Before the new information about macrophages, people thought that macrophages ascended from blood monocytes that circulated in the blood. It also becoming very clear to researchers and scientists that resident macrophages expand at the original site of proliferation instead of the recruitment of blood monocytes (1).
Sources:
Epelman, S., Lavine, K. J., Beaudin, A. E., Sojka, D. K., Carrero, J. A., Calderon, B., & … Mann, D. L. (2014). Embryonic and Adult-Derived Resident Cardiac Macrophages Are Maintained through Distinct Mechanisms at Steady State and during Inflammation. Immunity, 40(1), 91-104. doi:10.1016/j.immuni.2013.11.019
With heart disease killing more people than any other disease, you would think there would not be so many unknowns. This article is very interesting and brought up some terminology that I have never heard of like embryonic macrophages. It makes perfect sense that we would have a set of macrophages that would be specific to us as an embryo, but then again I don’t understand why there is only a small amount of these set aside to help us in the future. If we have a cell that is so valuable to us and could help us heal at a more advanced rate with few disadvantages you would think our body would have produced a lot more or be able to produce as much as needed.
Another thing, why hasn’t our body came up with a mechanism to control how much of which macrophage to send to the site that needs healing or inflammation. It seems that over the decades our bodies would have this nailed by now, does this mean that we have no way of controlling this our selves, or will this process have to be “man made”. Like others said before there is no reason to block the adult macrophages from entering a site that they will or eventually will be needed but to monitor the amount of the macrophages that are realaeased into the area.

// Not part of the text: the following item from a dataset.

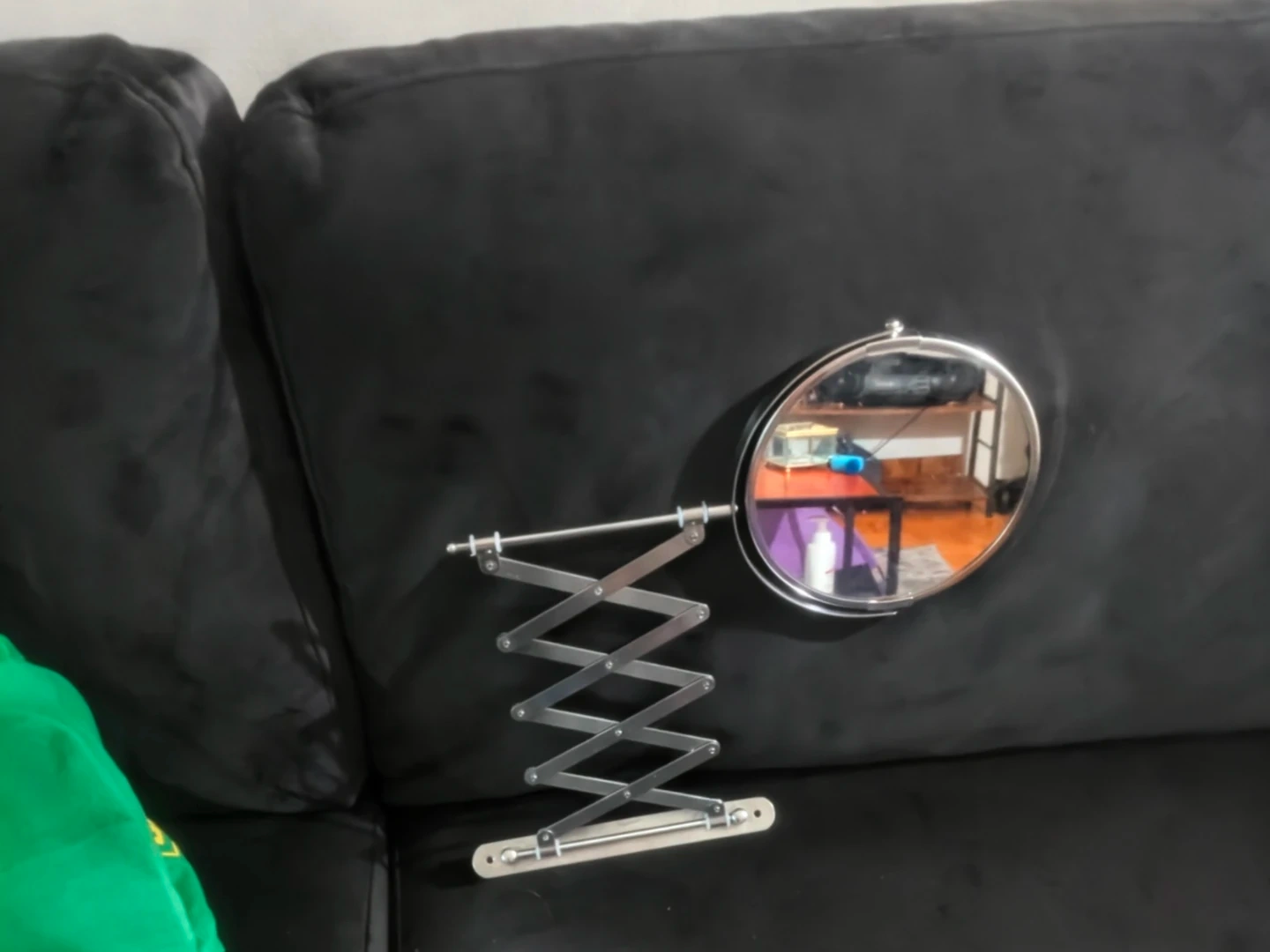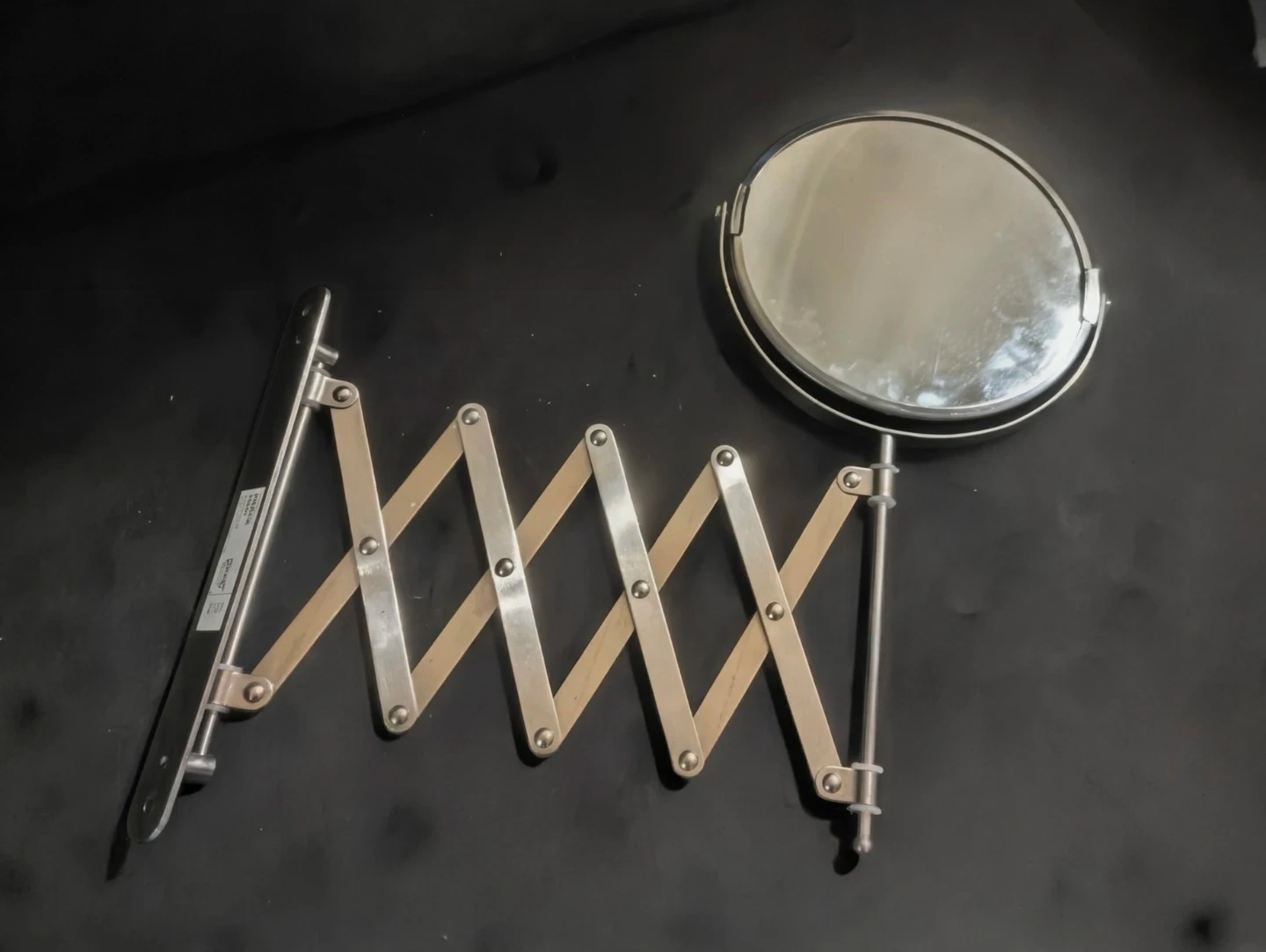 This is a wall-mounted mirror with an extendable arm. It's made of metal and features a round mirror head. The arm allows for adjustable positioning. This mirror is useful for applying makeup or shaving.

My questions about the article that confuse are what do they mean about the macrophages being protective? protective of what, are we saying they are protective of the organs that they are found in or are they protective of themselves? Another concept I didn’t understand is when they say the macrophages are converted to adult macrophages, are they saying the embryonic macrophages are replaced or that they proliferate into adult macrophages. I guess either way we loose the embryonic macrophage?